Friday, September 25, 2015 - Los Angeles, CA- The National Association of Latino Independent Producers (NALIP) announces the 10 projects selected for its 2nd annual Diverse Women in Media Residency Lab, taking place at the Artist Retreat Center in Vermont from October 3-11. The Lab is a residency program of NALIP’s year round Diverse Women in Media Initiative where they work to empower, inspire, and advance women of diverse background in media.

NALIP announces the 10 projects selected for its 2nd annual Diverse Women in Media Residency Lab, taking place at the Artist Retreat Center in Vermont from October 3-11. The Lab is a residency program of NALIP’s year round Diverse Women in Media Initiative where they work to empower, inspire, and advance women of diverse background in media.

Projects and fellows selected for the 2015 Diverse Women in Media Residency Lab span from various parts of the United States and represent female creatives of Latino American, African American, and Asian American backgrounds and bring experience from impressive creative resumes spanning from documentary, narrative and new media.
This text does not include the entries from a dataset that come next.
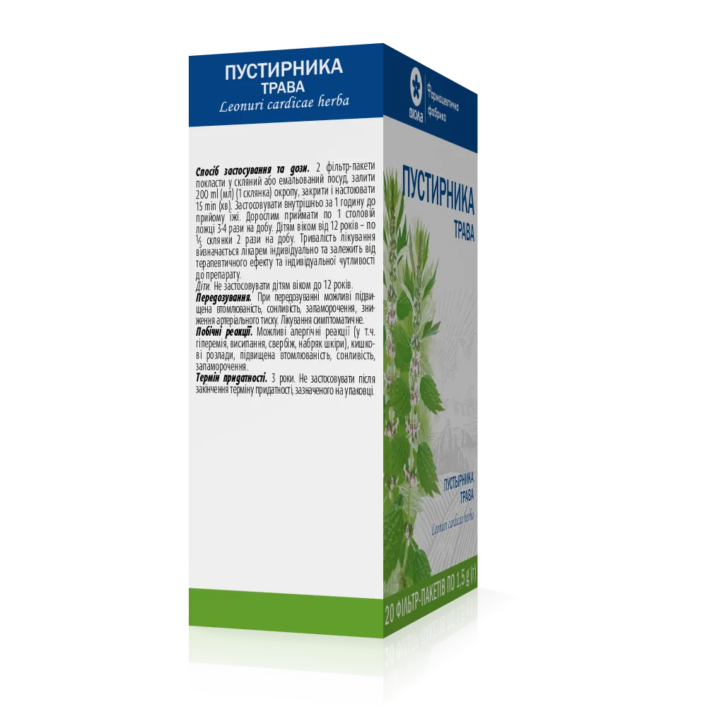 1 пачка містить трави пустирника (Leonuri cardiacae herba) – 50 г або 100 г; 1 фільтр-пакет містить трави пустирника (Leonuri cardiacae herba) – 1,5 г.
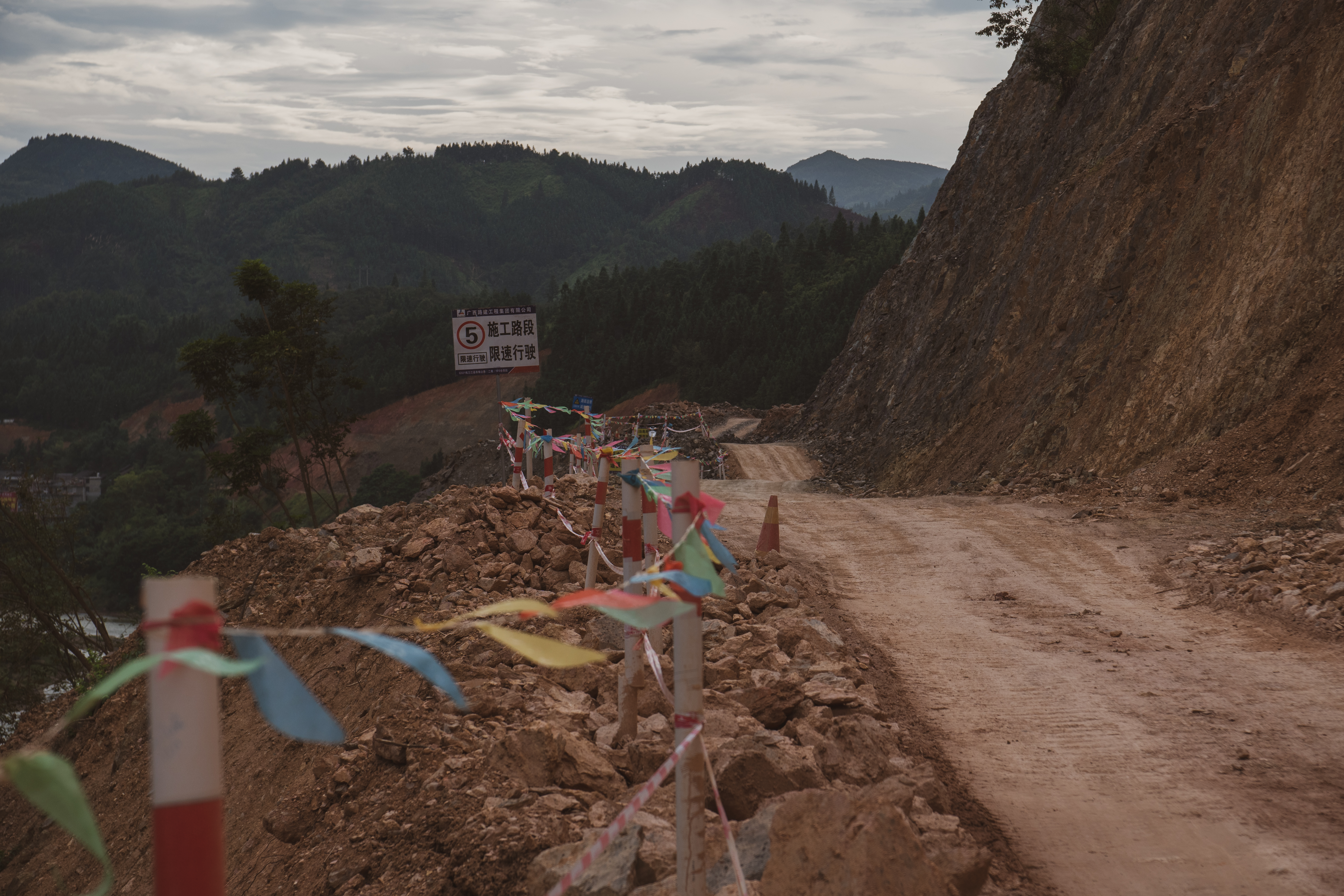 我和阿勇坐在地上,雙腿凌空晾在路邊,聊了好一會。前方西邊遠處是個看起來不怎麼高的山頭,我猜後面或許就是貴定縣了。
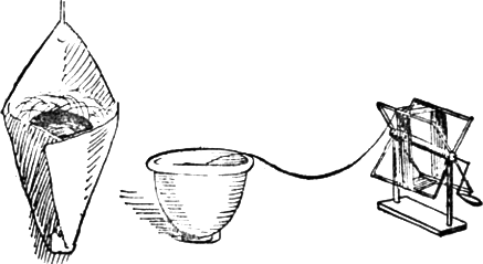 The Mouse in the Trap.—Cut a piece of cardboard of the size of a penny, and paint on one side a mouse, and on the other a trap; fasten two pieces of thread one on each side at opposite points of the card, so that the card can be made to revolve by twirling the threads with the finger and thumb. While the toy is in its revolution, the mouse will be seen inside the trap. Many others may be made upon the same principle.
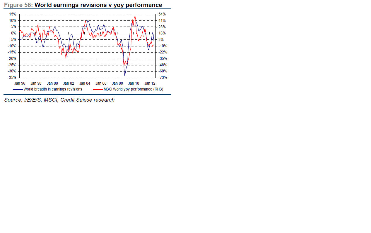 Nedan visar breadth, alltså upprevideringar i förhållande till ned revideringar, och alltså inte 12m fwd EPS%, som är den jag gillar mest!
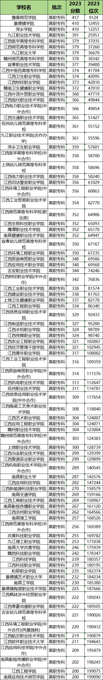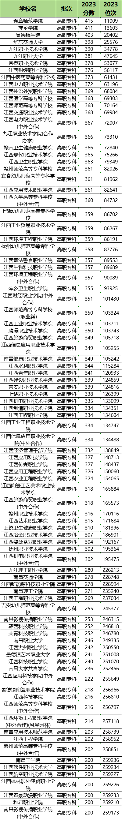 根据江西省教育考试院公布的数据,圆梦志愿为大家整理了江西省内所有专科批大学2023年在江西省理科的分数线排名汇总表。其中, 豫章师范学院在理科的分数线最高,2023年的最低分为415分、最低位次为11009名。
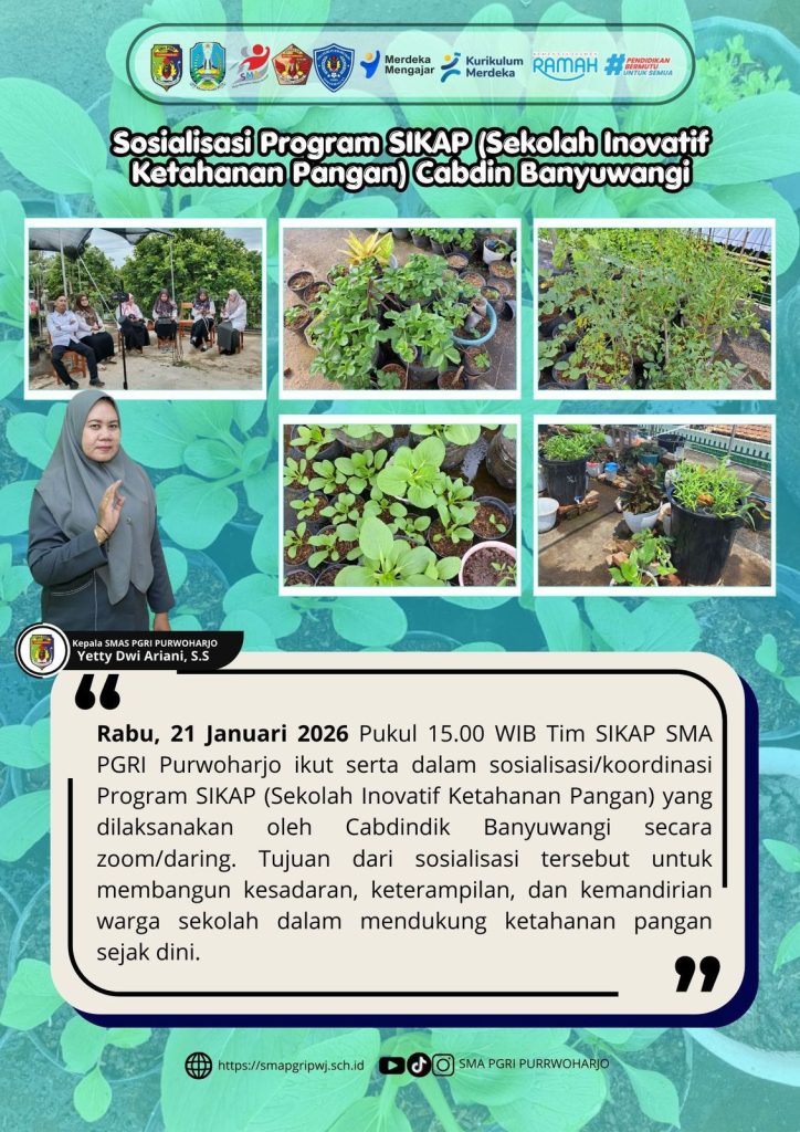 Tim SIKAP SMA PGRI Purwoharjo mengikuti sosialisasi dan koordinasi Program Sekolah Inovatif Ketahanan Pangan (SIKAP) yang diselenggarakan oleh Cabang Dinas Pendidikan Banyuwangi secara daring.
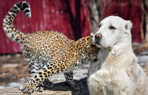 Известны случаи когда собака воспитывала кошку. А вот леопарда наверно впервые
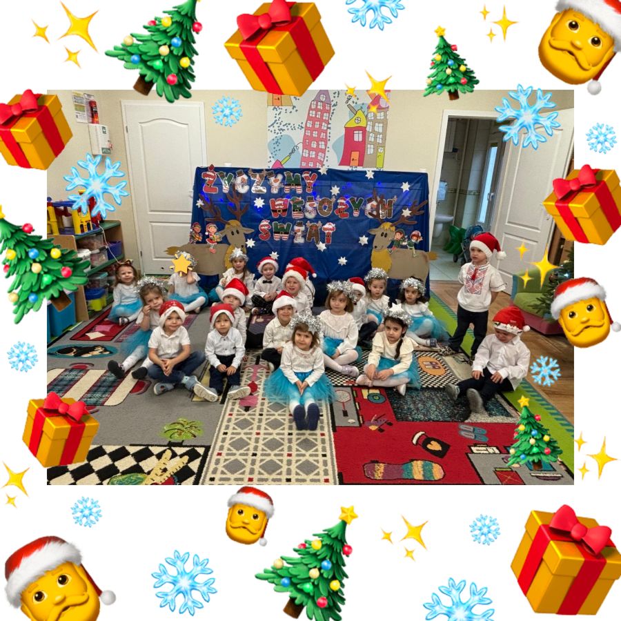 16 grudnia do przedszkola zostali zaproszeni Rodzice na uroczyste spotkanie wigilijne z występami dzieci i warsztatami plastycznymi. Grypa najmłodsza przygotowała krótki program artystyczny z piosenkami świątecznymi i kolędami.
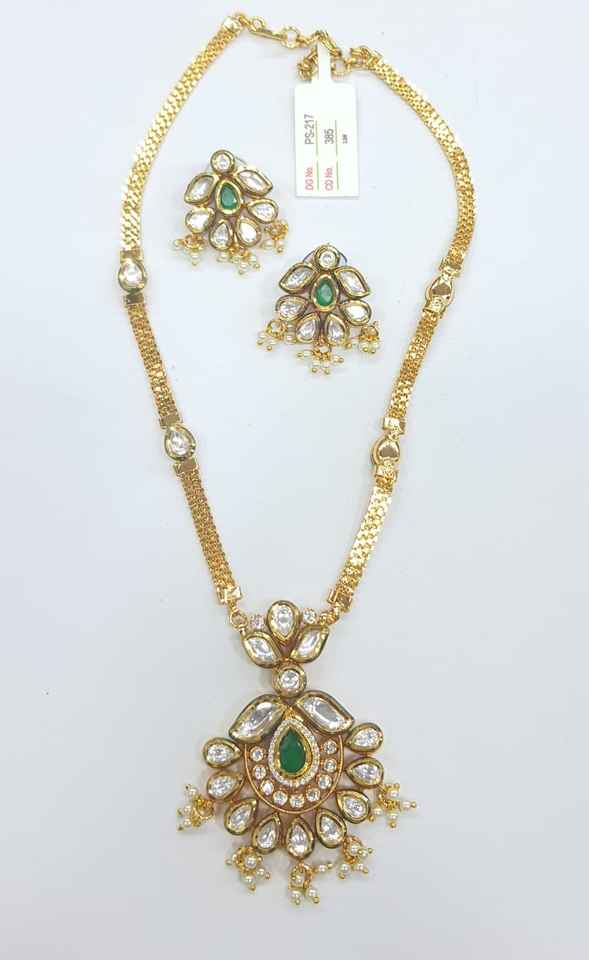 Collier élégant à pendentif Kundan avec pierres vertes et boucles d'oreilles assorties Idéal pour les festivals, les mariages et les fonctions spéciales
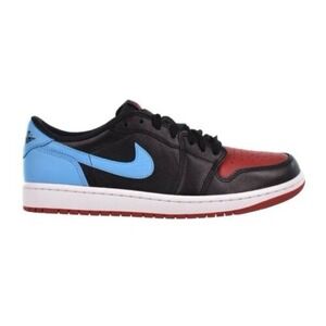 Elevate your sneaker game with these stylish Air Jordan 1 Retro Low OG NC to Chi sneakers. These sneakers feature a low top style with a cushioned, breathable and comfortable design. The multicolor sneakers are made with leather and have a standard shoe width.
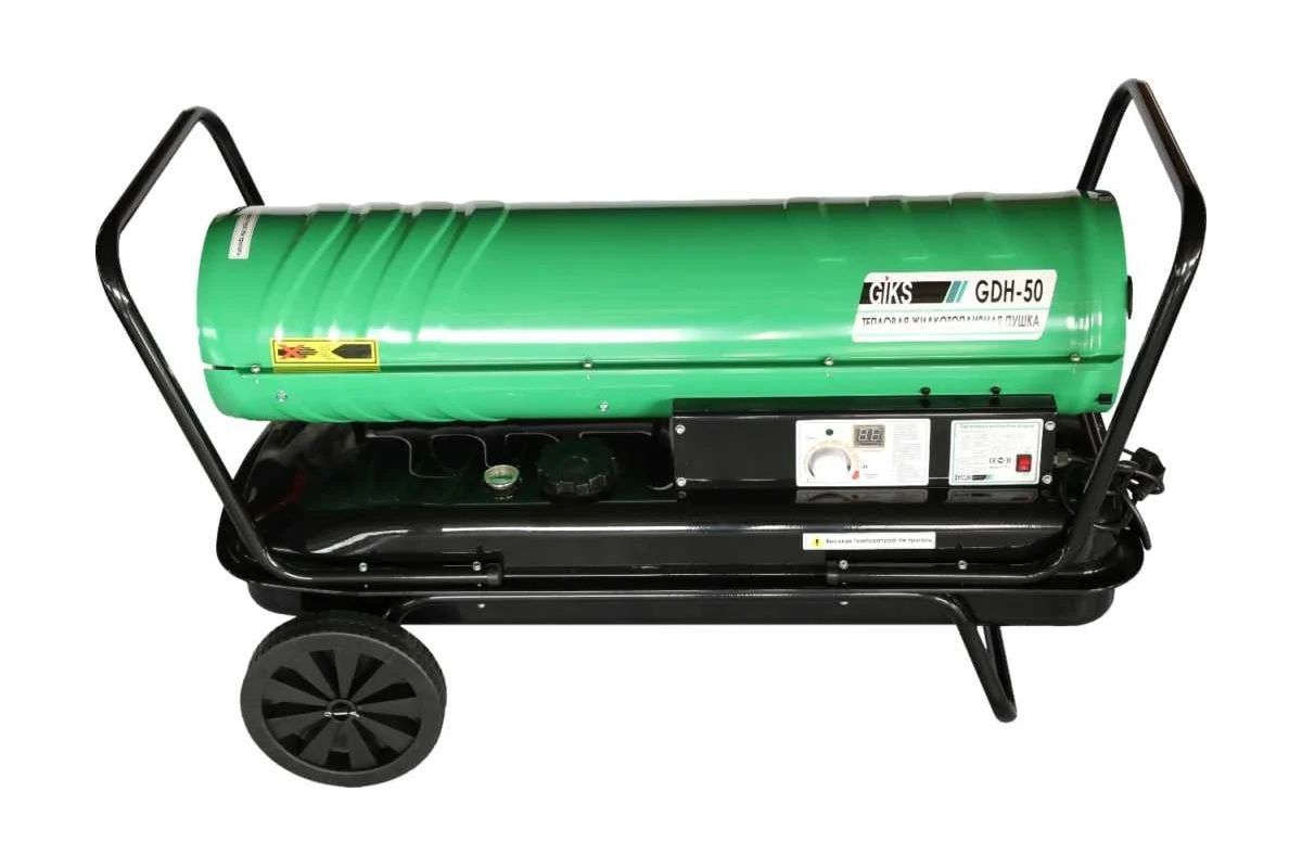 Тепловая пушка GIKS дизель/керосин 50кВт прямой нагрев, GDH50 используется на строительных площадках, в сельском хозяйстве, для осушения и отапливания производственных и складских хорошо проветриваемых помещений.
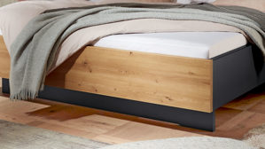 Doppelbettgestell mit Rauchglasböden im überstehenden Holz-Kopfteil
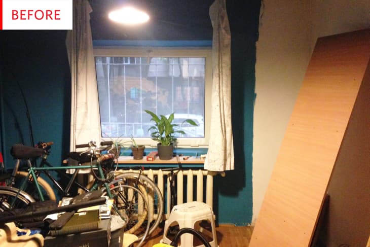 This guest room had beautiful wooden floors, a cool old radiator, and some pretty delicious blue paint, but it was gradually becoming “kind of a neglected spot.” This renovation-free redo transformed the room from an accidental storage space to basically a boutique hotel, complete with a commissioned mural.
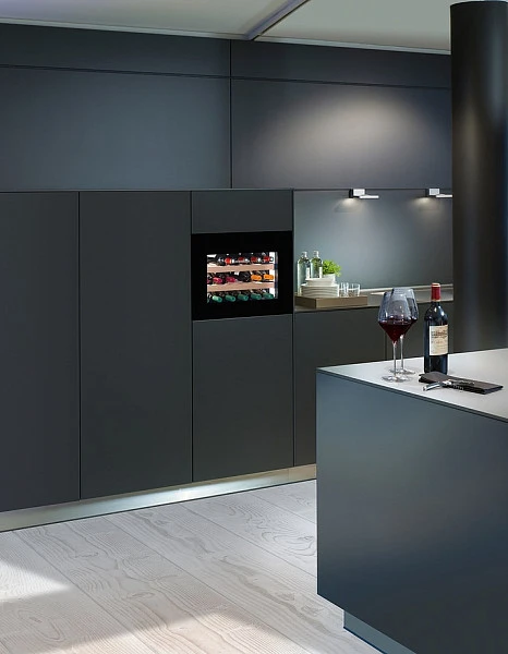 Встраиваемый винный шкаф Liebherr WKEgb 582 высотой 45 см и вместимостью 18 бутылок выделяется откидной дверцей и верхним расположением панели управления. Она отлично подойдет для встраивания в колонну на удобной высоте.
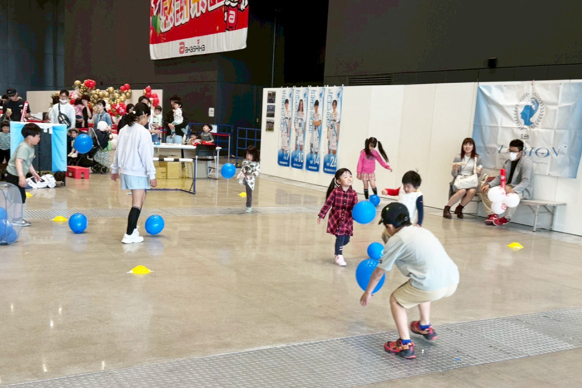 風船を使った3対3の家族対抗ミニゲームを実施。子どもから大人まで白熱した試合が繰り広げられ、大きな歓声が響きました。また、3×3マスの穴にボールを入れるゲームを「サッカービンゴ」を併催。ボールが穴に入るたびに歓声が上がりました。
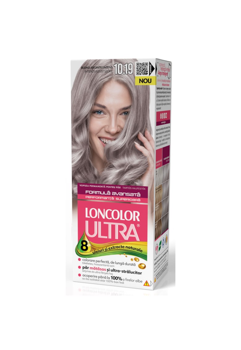 - stralucire Continut pachet: 1 x vopsea de par Cantitate: 100 ml Culoare Nuanta: blond argintiu intens Cod culoare: 10.19 Culoare: blonda

"We are thrilled to be able to host an incredibly talented, dedicated and powerful group of participants. This program is particularly designed to maximize and move forward the careers of high caliber content creators,” said NALIP executive director Axel Caballero. “There is a huge pressing and a dire need to open important spaces behind the camera and at the executive level for diverse women in media and our Residency Lab, through its strong agenda, mentorship, and liaisons with funders, sponsors and industry supporters is the first step of many to bridge this gap."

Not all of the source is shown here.